ROME, July 17 (Reuter) - The EU commissioner responsible for
humanitarian aid said on Monday the international community
should consider evacuating 100,000 Bosnians from U.N. "safe
areas" if nothing more is done to protect them from Serb attack.
Commissioner Emma Bonino of Italy told a news conference after
returning from a tour of refugee camps in the Bosnian town of
Tuzla that 100,000 people, mostly Moslems and some Croats, were
"at risk" in the Safe Areas of Zepa, Gorazde and Bihac.
Bonino is the European Union's Commissioner for Humanitarian
Aid, as well as Consumer Affairs and Fisheries.
"The international community has to make a choice," she said.
"Either we decide that we will protect these areas, which is the
task for which we are there, or I think the international
community has at least to have the courage to go and try to help
them leave the zones before they are killed, raped, etc."
Bonino said the world should start formulating a plan for
refugees in the event more safe areas fall to Bosnian Serbs.
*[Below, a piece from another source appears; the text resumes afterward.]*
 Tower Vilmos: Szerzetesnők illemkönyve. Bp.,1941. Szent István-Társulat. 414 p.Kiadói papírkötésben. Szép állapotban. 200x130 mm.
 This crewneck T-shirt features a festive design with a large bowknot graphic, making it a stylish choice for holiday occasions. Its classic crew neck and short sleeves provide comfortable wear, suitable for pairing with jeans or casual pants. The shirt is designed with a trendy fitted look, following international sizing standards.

"I wouldn't like to find ourselves with 100,000 people coming
from everywhere without any plan being established before that,"
she said. "If we are to resettle them inside Bosnia or we have to
find other solutions, this has to be carefully studied."
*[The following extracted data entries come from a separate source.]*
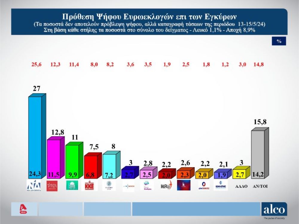 Στην πρόθεση ψήφου η Νέα Δημοκρατία προηγείται με 27% και ακολουθούν ο ΣΥΡΙΖΑ με 12,8% το ΠΑΣΟΚ με 11% και το ΚΚΕ με 7,5%. Η Ελληνική Λύση φτάνει το 8% και η ΝΙΚΗ το 3%.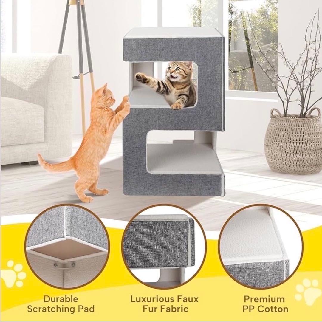 コーヒー色キャットタワー 猫タワー 据え置き 爪とぎ 階段 広いベッド ハンモック 多頭飼い 子猫 大型猫 部屋付き クッション 安定 転倒防止 取り付け簡単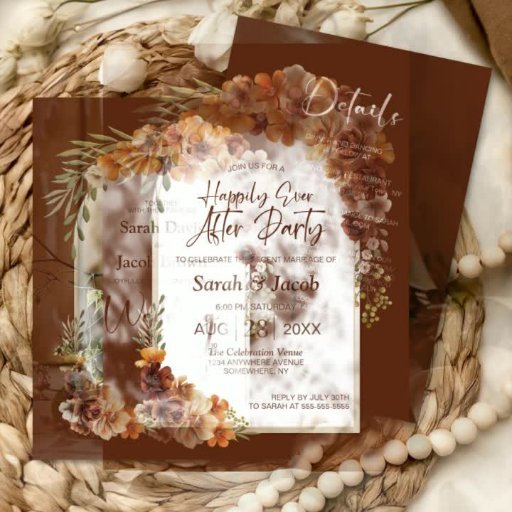 Invitation Fête des mariées d'arc en terre cuite fleurie rust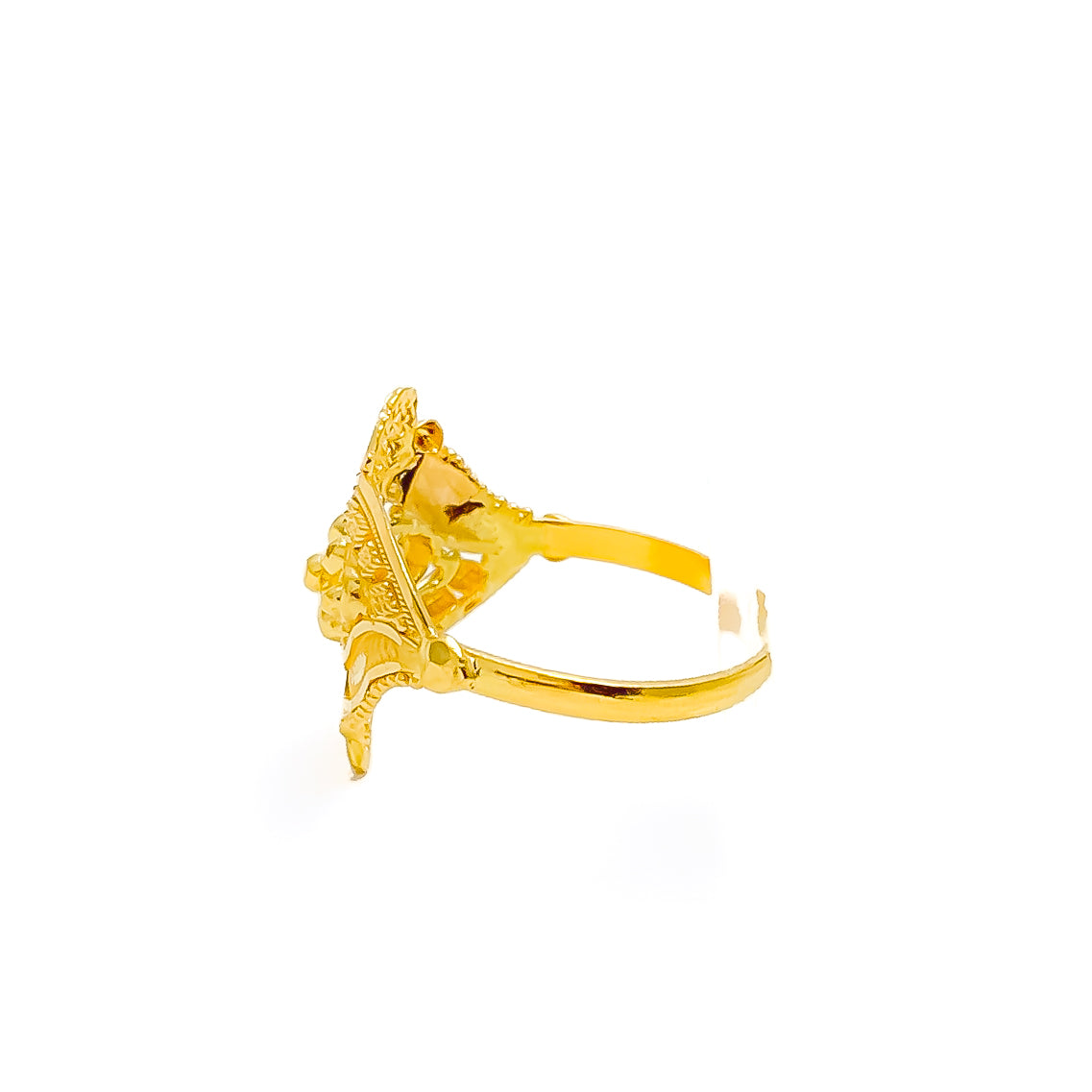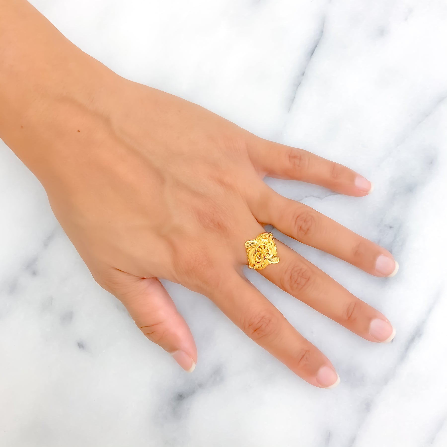 Delicately styled with artistic charm, this 22k gold ring highlights a lightweight 1.9-gram profile shaped into an intricate netted floral motif that radiates captivating elegance. Its warm yellow-gold finish enriches each openwork detail with glowing depth and graceful sophistication. Designed in size 6 with re-sizing available, it offers adaptable comfort suited for many refined looks. Perfect for adding a beautifully detailed touch of golden artistry to any thoughtfully curated collection.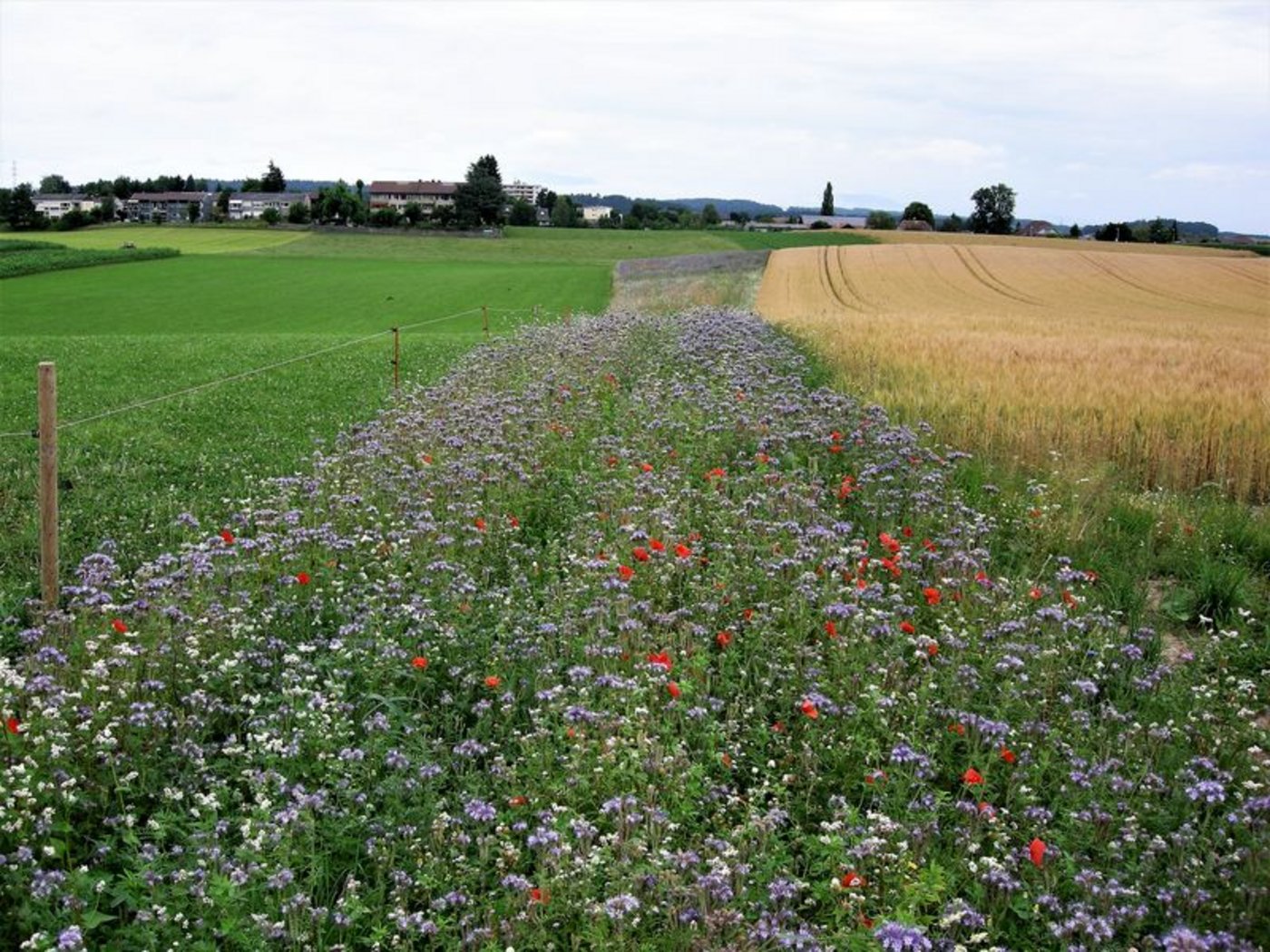 Biodiversitätsförderflächen auf der Ackerfläche kommen nicht nur der Natur zugute, sondern auch der Produktion von Lebens- und Futtermitteln: Durch diese Flächen werden Nützlinge und Bestäuber gefördert, welche zur Bekämpfung von Schädlingen in landwirtschaftlichen Kulturen und für die langfristige Sicherung der Bestäubung immens wichtig sind.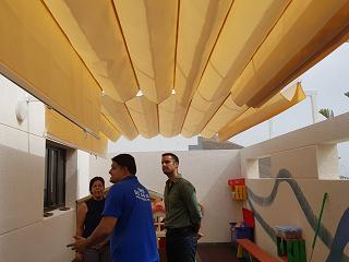 San Bartolomé mantiene su firme compromiso con los centros docentes del municipio: La unitaria de Montaña Blanca, cuenta desde esta semana con nueva zona de sombra, tras la instalación de toldos en el patio del centro, mejorando así la instalación, que es de reciente construcción.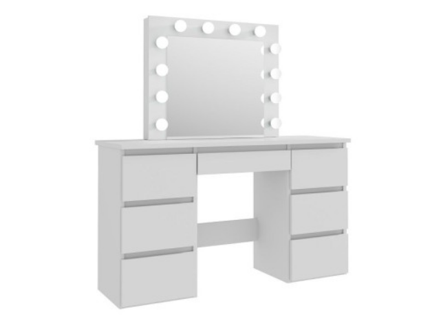 Elegancka toaletka w stylu Hollywood z dużym lustrem i oświetleniem – biała, z pojemnymi szufladami
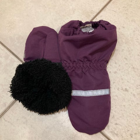 Lilat topatut hanskat loskakaleihin. Koko 1, mutta reilut, olleet 3-vuotiaalla/98 koossa.

About 23,000 Moslem refugees arrived in government-held
territory around Tuzla after being expelled from the eastern
enclave of Srebrenica in a wave of "ethnic cleansing". Most are
women, children and the elderly.
Refugees have told reporters of young women being taken off by
Serb convoys and of men being slaughtered. U.N. officials are
gathering information from refugees about alleged war crimes.